# [DIRECTIONS FOR THIS TASK]
Print exactly the lines below between the line containing "Nomor Atom Nomor Massa Isotop Isobar Isoton" and the line containing "RGB 53,156,67 Color", counting both of those lines. Leave pictures out.

# [RECORDS SUPPLIED]
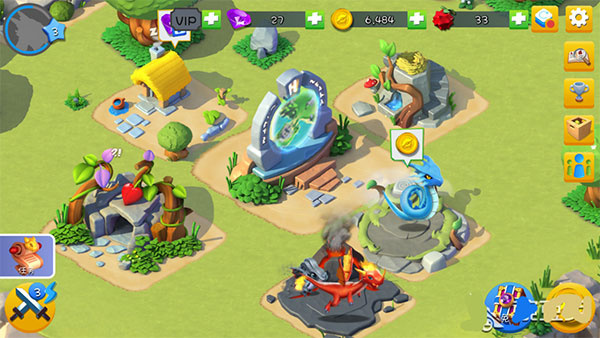 3、右侧拥有四种图标,第一个图标是你的收藏和龙族得宝典,可以查看你所收藏的萌龙和获取龙的途径。第二个图标是勋章,就是需要完成任务后可以点击这里看你已完成的任务并且领取。第三个图标是仓库,就是可以把空闲的农场,繁育洞和龙等等放在这里面存储。而第四个图标是社交功能,可以添加好友一起建立部落以及收到的礼物和信息都会在这里;
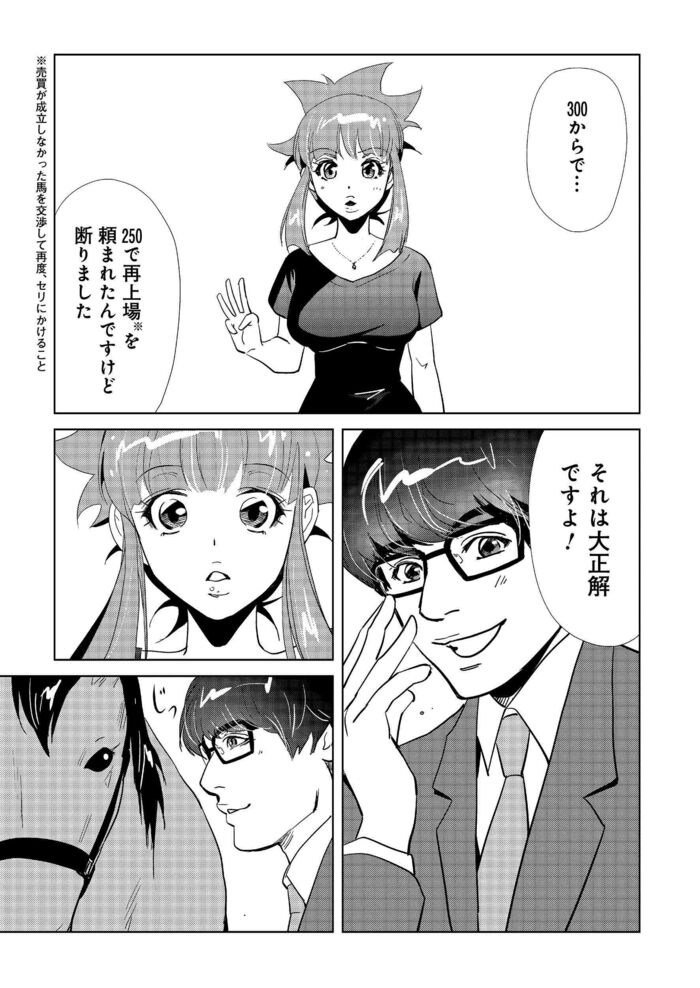 “種”は父馬。“サマー”はサマーセール。それでは“肌”は…?競馬用語で頭を悩ませたときに読むべきマンガ マンガ『会社をやめて馬主やります! アキコノユメヲ』(第32話・後編) 信田朋嗣 栗元健太郎/咲 2024年9月30日 月曜 午前7:01 #1 … #63 #64 #65 … #80 次ページ“中央”のお客が帰ってホッと一息 1 2 3 4 5 #1 … #63 #64 #65 … #80 【よく一緒に読まれている記事】 【初めから読む】“サラリーマン馬主”も夢じゃない!会社を辞め、「ただいま」と競走馬を生産する実家に戻ってきた娘… 信田朋嗣,栗元健太郎/咲の他の記事 2歳馬の身体にとって実は厳しい調教と遠征…その判断の重さに馬主が耐えるために必要な“声” エンタメ 2024年11月25日 2歳牝馬で全治6ヶ月の怪我…馬主が考える“パンク”した馬の転売・放牧・引退、そして殺処分という4つの選択肢 エンタメ 2024年11月25日 2歳牝馬にとって度重なる遠征は体の負担が大きい…それでも狙いたいグランダム・ジャパンで勝利する価値 エンタメ 2024年11月18日 重賞を勝利した馬が次に狙うレースの意味。2歳牝馬がグランダム・ジャパンを狙って見える景色とは エンタメ 2024年11月18日 一覧ページへ
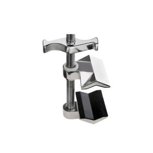 El agarre de mordaza de extremo de 15 cm proporciona un agarre fuerte y sólido de tubos redondos, cuadrados o rectangulares y de muchas otras formas comunes o irregulares. En un extremo del eje de acero están las mordazas fijas, y en el otro un pasador de 5/8″ para montar accesorios u otros elementos de agarre.
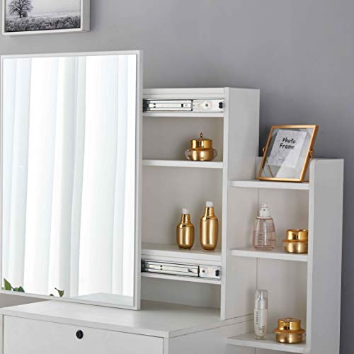 JaHECOME Tavolo da toeletta con sgabello, tavolo da toeletta angolare, tavolo da trucco con specchio, 5 scuole girevoli e sgabello in legno MDF per camera da letto (bianco C)
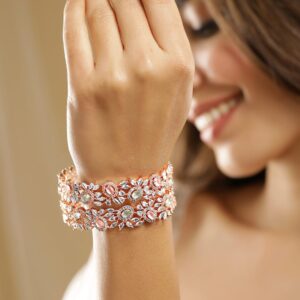 Rose Gold Plated Zirconia Stone Studded Set of 2 Bangles. – 2.4
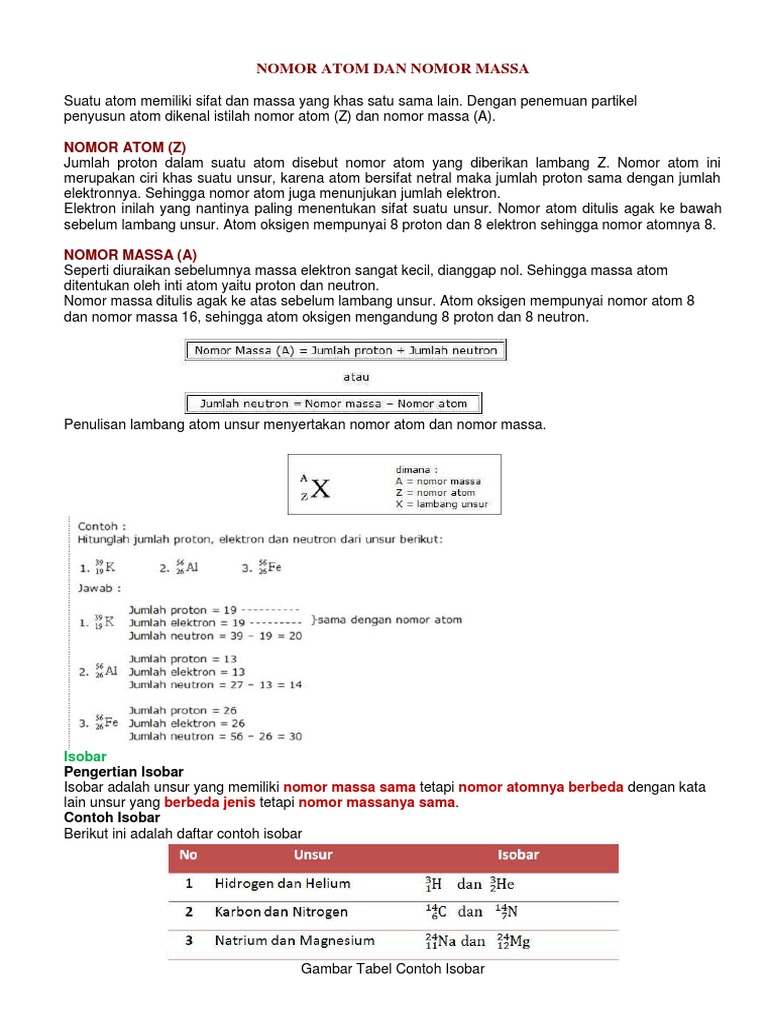 Nomor Atom Nomor Massa Isotop Isobar Isoton
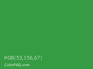 RGB 53,156,67 Color is a normal green color and the nearest color is May Green #4c9141. Hex code #359c43 and RGB value is rgb(53,156,67). In RGB color space, this color is composed of 21% red, 61% green, 26% blue, In CMYK color space, this color is composed of 66% cyan, 0% magenta, 57% yellow , 39% black , In HSL color space, this color has a hue angle of 128° , 49% saturation and 41% lightness.
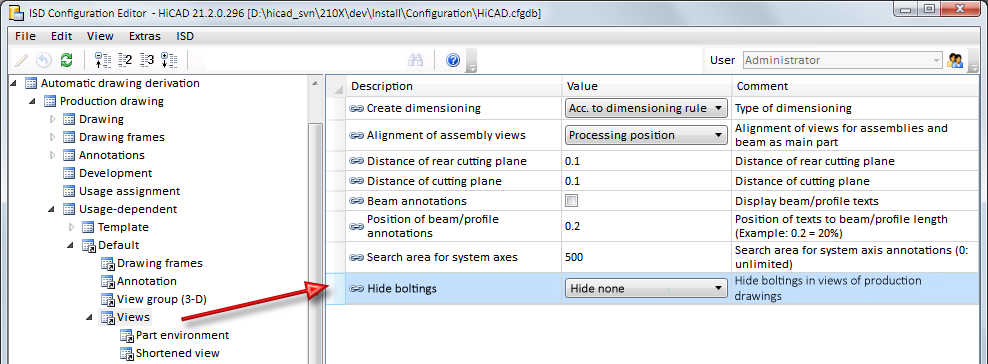 Previously, various Steel Engineering settings could be specified in the system file STB_PARAMETER.DAT which is now no longer available. Its setting options have been moved to the Configuration Editor at Steel Engineering.
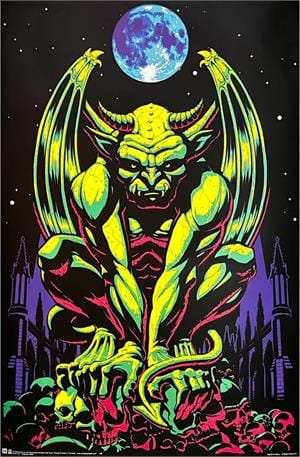 24 x 36" black light poster. Printed with fluorescent inks on standard paper, the Gargoyle Watch Black Light Poster pops with vivid colors. Turn your lights down low; under a UV black light it glows with a special effect. Trippy, psychedelic, retro black light reactive posters you can vibe.

# [RESULT FOR THIS TASK]
 Nomor Atom Nomor Massa Isotop Isobar Isoton
 RGB 53,156,67 Color is a normal green color and the nearest color is May Green #4c9141. Hex code #359c43 and RGB value is rgb(53,156,67). In RGB color space, this color is composed of 21% red, 61% green, 26% blue, In CMYK color space, this color is composed of 66% cyan, 0% magenta, 57% yellow , 39% black , In HSL color space, this color has a hue angle of 128° , 49% saturation and 41% lightness.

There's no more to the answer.